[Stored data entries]
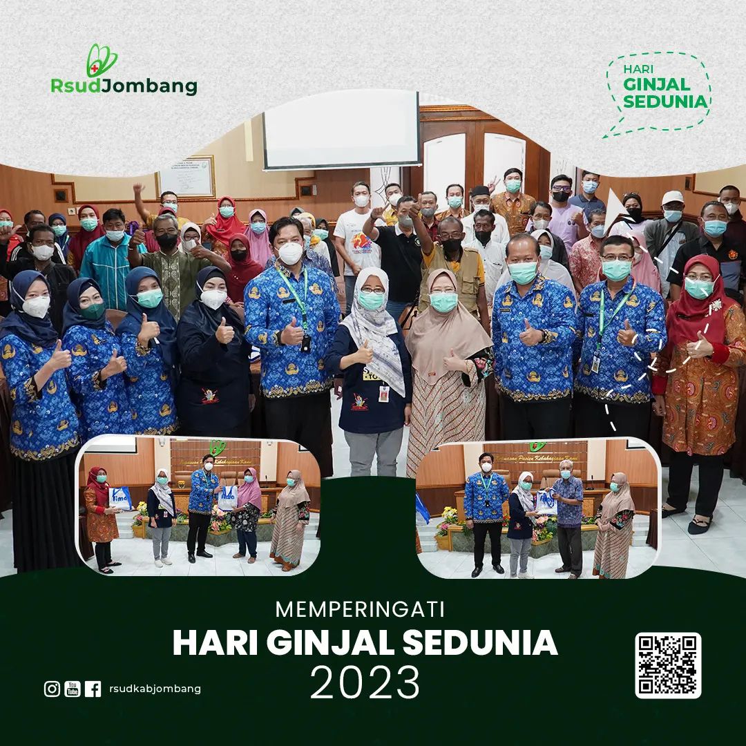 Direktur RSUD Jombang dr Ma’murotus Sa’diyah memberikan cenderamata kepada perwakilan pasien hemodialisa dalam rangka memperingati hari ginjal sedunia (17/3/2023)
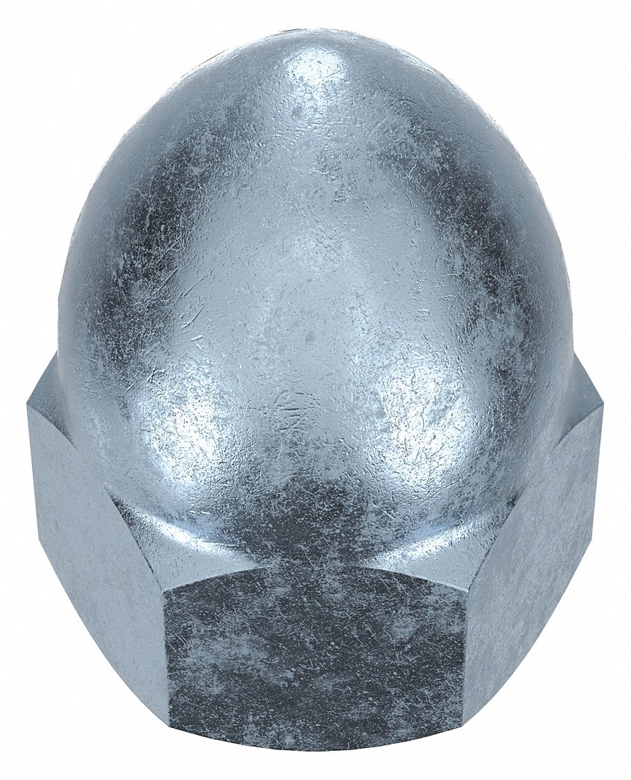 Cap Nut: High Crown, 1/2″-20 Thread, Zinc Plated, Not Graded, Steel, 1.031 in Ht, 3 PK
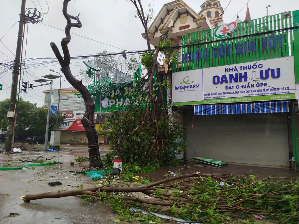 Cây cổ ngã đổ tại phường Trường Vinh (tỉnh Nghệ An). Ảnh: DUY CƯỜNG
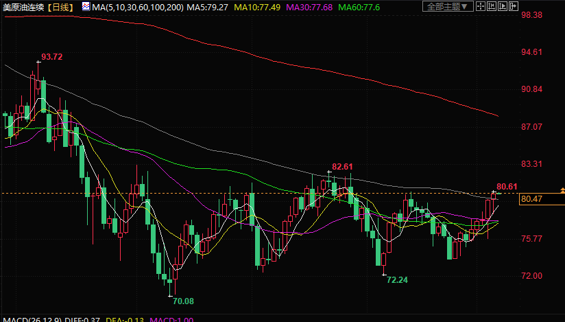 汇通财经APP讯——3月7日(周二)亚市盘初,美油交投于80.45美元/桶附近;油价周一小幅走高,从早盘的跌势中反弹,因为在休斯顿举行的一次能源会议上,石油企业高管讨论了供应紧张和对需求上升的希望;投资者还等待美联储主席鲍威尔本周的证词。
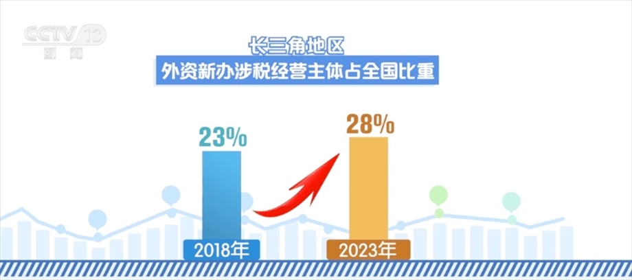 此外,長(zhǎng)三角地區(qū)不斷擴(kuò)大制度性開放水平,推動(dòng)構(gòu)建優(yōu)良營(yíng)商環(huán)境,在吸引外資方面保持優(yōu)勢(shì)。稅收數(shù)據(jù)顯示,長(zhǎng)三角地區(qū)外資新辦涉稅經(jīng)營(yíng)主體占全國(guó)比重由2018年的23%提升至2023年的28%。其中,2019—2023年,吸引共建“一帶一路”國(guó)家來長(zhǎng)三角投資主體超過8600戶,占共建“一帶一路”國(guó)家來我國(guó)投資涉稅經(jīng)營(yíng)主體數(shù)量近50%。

▶ [Prompt] Leave the pictures out and write out every entry exactly as given.

▶ [Solved problem]
 Direktur RSUD Jombang dr Ma’murotus Sa’diyah memberikan cenderamata kepada perwakilan pasien hemodialisa dalam rangka memperingati hari ginjal sedunia (17/3/2023)
 Cap Nut: High Crown, 1/2″-20 Thread, Zinc Plated, Not Graded, Steel, 1.031 in Ht, 3 PK
 Cây cổ ngã đổ tại phường Trường Vinh (tỉnh Nghệ An). Ảnh: DUY CƯỜNG
 汇通财经APP讯——3月7日(周二)亚市盘初,美油交投于80.45美元/桶附近;油价周一小幅走高,从早盘的跌势中反弹,因为在休斯顿举行的一次能源会议上,石油企业高管讨论了供应紧张和对需求上升的希望;投资者还等待美联储主席鲍威尔本周的证词。
 此外,長(zhǎng)三角地區(qū)不斷擴(kuò)大制度性開放水平,推動(dòng)構(gòu)建優(yōu)良營(yíng)商環(huán)境,在吸引外資方面保持優(yōu)勢(shì)。稅收數(shù)據(jù)顯示,長(zhǎng)三角地區(qū)外資新辦涉稅經(jīng)營(yíng)主體占全國(guó)比重由2018年的23%提升至2023年的28%。其中,2019—2023年,吸引共建“一帶一路”國(guó)家來長(zhǎng)三角投資主體超過8600戶,占共建“一帶一路”國(guó)家來我國(guó)投資涉稅經(jīng)營(yíng)主體數(shù)量近50%。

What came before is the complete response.